2016-02-29T10:34:13.197+0800 o.a.s.z.ClientCnxn [INFO] Opening socket connection to server zk-3.cloud.mos/172.16.13.147:2181. Will not attempt to authenticate using SASL (unknown error)
2016-02-29T10:34:13.241+0800 o.a.s.z.ClientCnxn [WARN] Session 0x252f862028c0083 for server null, unexpected error, closing socket connection and attempting reconnect
java.net.ConnectException: Connection refused
at sun.nio.ch.SocketChannelImpl.checkConnect(Native Method) ~[na:1.8.0_31]
at sun.nio.ch.SocketChannelImpl.finishConnect(SocketChannelImpl.java:716) ~[na:1.8.0_31]
at org.apache.storm.zookeeper.ClientCnxnSocketNIO.doTransport(ClientCnxnSocketNIO.java:361) ~[storm-core-0.9.6.jar:0.9.6]
at org.apache.storm.zookeeper.ClientCnxn$SendThread.run(ClientCnxn.java:1081) ~[storm-core-0.9.6.jar:0.9.6]
Your client can no longer talk to the ZooKeeper server. The first thing that happened was there was no answer to the heartbeats within the negotiated session timeout:
2016-02-29T10:34:12.386+0800 o.a.s.z.ClientCnxn [INFO] Client session timed out, have not heard from server in 23789ms for sessionid 0x252f862028c0083, closing socket connection and attempting reconnect
Then when it tried to reconnect, it got a connection refused:
2016-02-29T10:34:13.241+0800 o.a.s.z.ClientCnxn [WARN] Session 0x252f862028c0083 for server null, unexpected error, closing socket connection and attempting reconnect
java.net.ConnectException: Connection refused
This means either your ZooKeeper server:
Is not reachable (network connection down)
Is dead (so nothing is listening on the socket)
Is GCing itself to death and cannot communicate (although that might have issued a connection timeout error, I'm not sure)
To tell more you will need to check the ZooKeeper server logs on your (Hadoop?) cluster.

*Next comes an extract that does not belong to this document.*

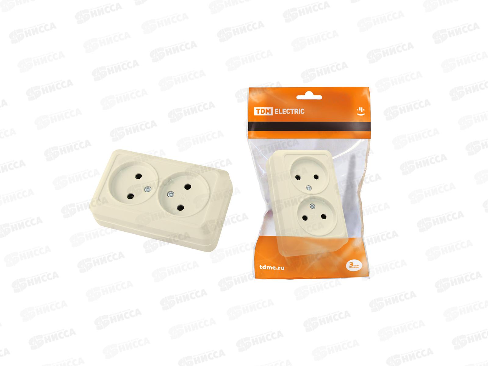 Код:414263; Розетка TDM двойная открытой установки, IP20 16А слоновая кость "Ладога", 0020 *10

Its worked for me by increasing the connection timeout in server.properties:
zookeeper.connection.timeout.ms=60000
One way that this can happen is if you start zookeeper, then break in the terminal, then try to start kafka.

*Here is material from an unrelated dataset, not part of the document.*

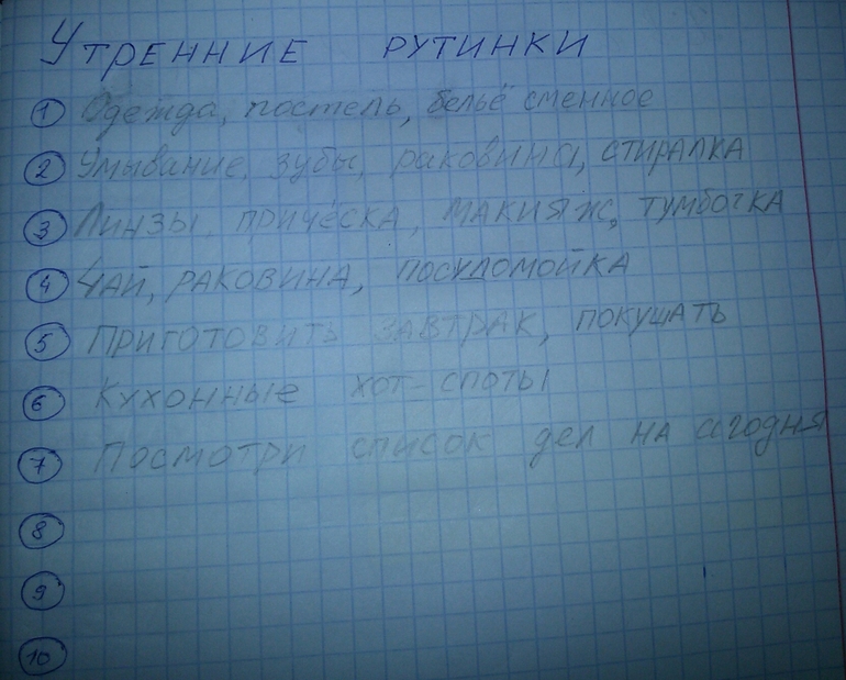 5. Утренние рутинки сделаны. Обед сварен, посуда убрана, в магазин съездили.

In order to use kafka, you really should use 3 terminal windows (or 3 PuTTY sessions if you are SSHing into your instance from Windows)
First Session for Zookeeper server.
Second Session for Kafka server.
Third Session for running Kafka commands to do things like create topics.
I have started Kafka in cluster mode with 3 zookeeper server and 3 Kafka server. All zookeeper server started successfully but while starting Kafka server its get disconnected stating "fatal error during Kafka server startup. prepare to shutdown (kafka.server.kafkaserver)". while investigation, I found that Kafka server get disconnected every time after 18 seconds[which is zookeeper.connection.timeout.ms = 18000 default value] so I updated the same and issue get resolved.
always use 2181 as port number for zookeeper connection until you haven't configured your zookeeper !!!